Prejudice 4. Object-oriented databases are too complex to efficiently manage.
It depends. Indeed, a RDB is based on a limited set of universal operations, while an ODB needs specific "drivers" for each object class. However, all modern software is extensible, using the standard integration features. It is enough to implement such integrators in the core of an ODB, along with a few basic classes, so that all the rest could be added through third-party components (disposable when no longer needed). A properly organized ODB would be much faster than any RDB in the long run, since ODB processing time does not much depend on the complexity of query.
Changes in data organization are much more tractable in ODBs. In an SQL system, any rearrangement of the tables is a real headache, since all the queries must modified, and the users (or applied programmers) have to learn where the data they need is located in the new infrastructure.
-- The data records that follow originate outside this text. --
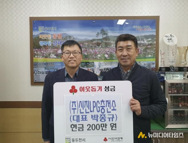 동두천시 상패동 행정복지센터는 지난 23일 관내 소재한 (주)신진LPG충전소로부터 저소득 취약계층을 위한 이웃돕기 성금 200만 원을 기탁받았다고 밝혔다.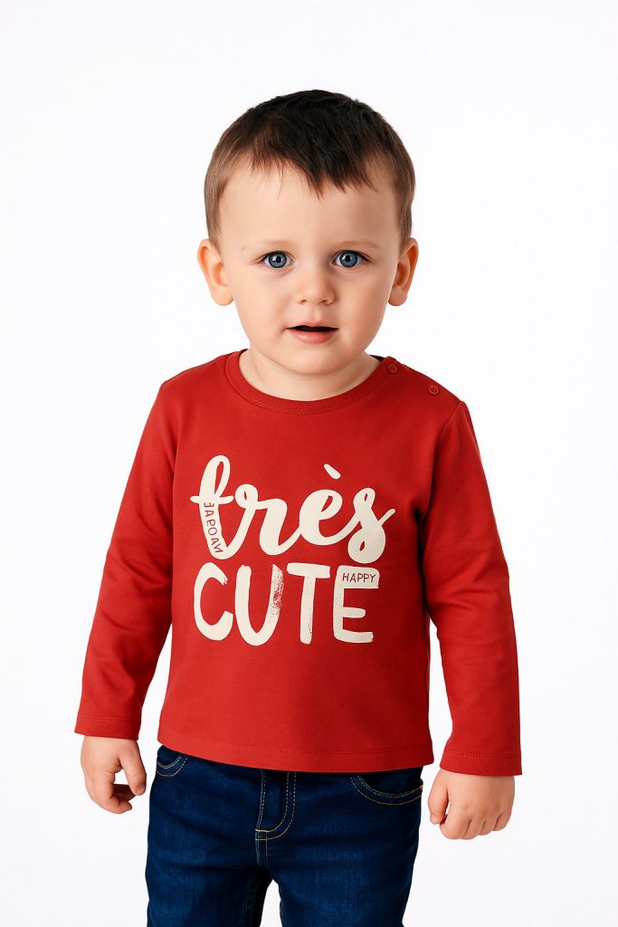 GTES1024Блузката е в керемиденочервен цвят, с голям бял надпис "Tres cute" отпред. Има две копченца на лявото рамо за по-лесно обличане.Марка: F&FСъстав: 100% памук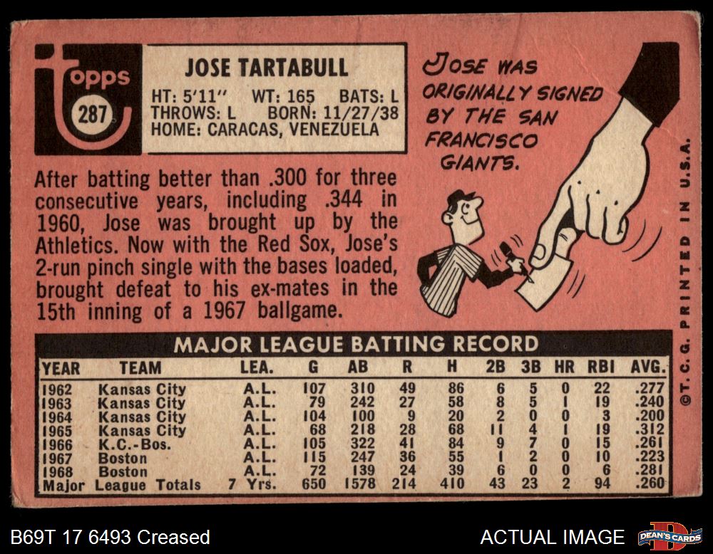 1969 Topps #287 Jose Tartabull

Sometimes, a trivial change (like allowing a lengthier key string) would raise almost insurmountable difficulties. In a hierarchical database, any change is transparent for the user, since data are separated from links, and the same fore-end organization can correspond to any back-end representation.
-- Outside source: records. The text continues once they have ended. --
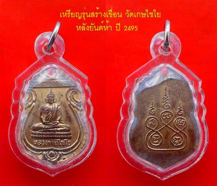 เป็นเหรียญที่สร้างในคราวสร้างเขื่อนปีพ.ศ.๒๔๙๕ ด้านหน้าเป็นหลวงพ่อวัดไชโย ด้านหลังเป็นยันต์ห้า พิธีใหญ่มาก เกจิเก่งๆทั้งนั้นครับ เช่นหลวงพ่อจง วัดหน้าต่างนอก หลวงพ่อรุ่ง ท่ากระบือ หลวงพ่อเงิน หลวงพ่อเต๋ ฯลฯลฯ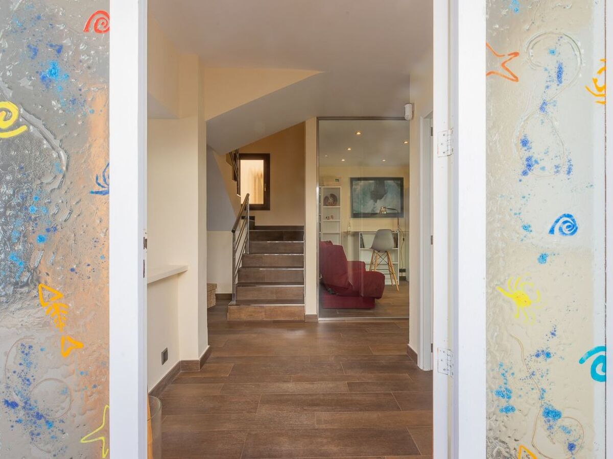 An open space connects the living room overlooking the terrace, the dining area and a small reading corner overlooking the pool and the porch where there is a table for al fresco dining, behind which extends the beautiful pool.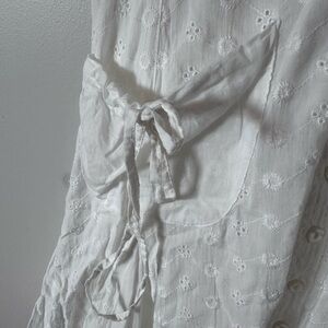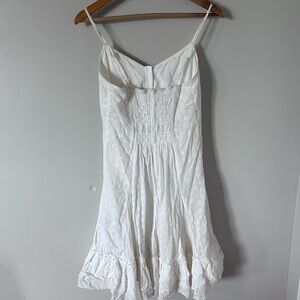 Chic white sundress with button-down front. Features delicate straps and ruffled hem.

Prejudice 5. ODBs are not as scalable as RDBs.
It often said that high transaction volumes and user counts are incompatible with ODBs. This is a superficial opinion derived from the comparison of ODBs and RDBs in incomparable respects. As long as we compare the both approaches within the same functionality, any difference disappears. With RDBs, most workflow and presentation tasks are performed in an external manner, by the other software querying the RDB for data. To compare the performance of such systems with ODBs, we need to include these outer functions in comparison as well. As mere data store, that is, with simple data structures that do not assume any inside processing, ODBs are as scalable as RDBs. Both are equally inefficient when it comes to storing huge voluminous documents (e.g. multimedia); such records are much better to keep as separate files.
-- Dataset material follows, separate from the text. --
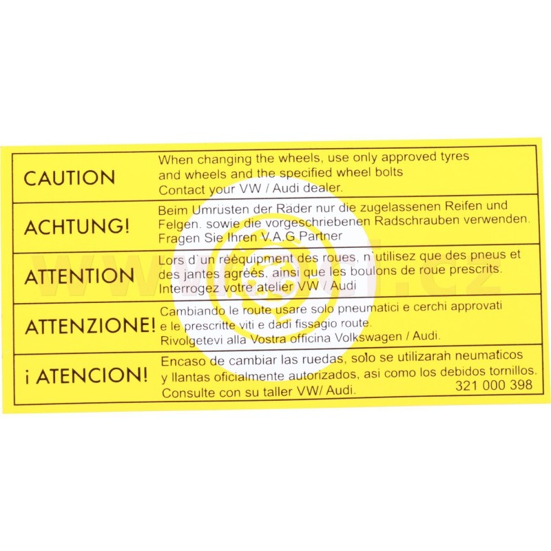 Samolepka varování výměna kol (Golf, Jetta, Scirocco)

Separating data from its processing may be an advantage in one case and an obstacle in another. In an ideal (hierarchical) database, the level of separation would be controllable and adjustable to the application and the current operating environment.
Prejudice 6. ODBs are still far away, while RDBs are here at now.
This is a serious argument. Race for quick profit withholds software companies from innovative development. However, the pressure of objective necessity drives the market to more modularity, uniformity and flexibility; so far, these goals can be achieved by extending the traditional SQL based systems, that are going farther and farther from mere RDBs. Experimenting with new technologies in data and knowledge management, as well as new cooperation and workflow paradigms, is going on. Quite possibly, the breakthrough is near at hand, and it will soon be pushed into the market by one of the big players trying to seize the promising niche.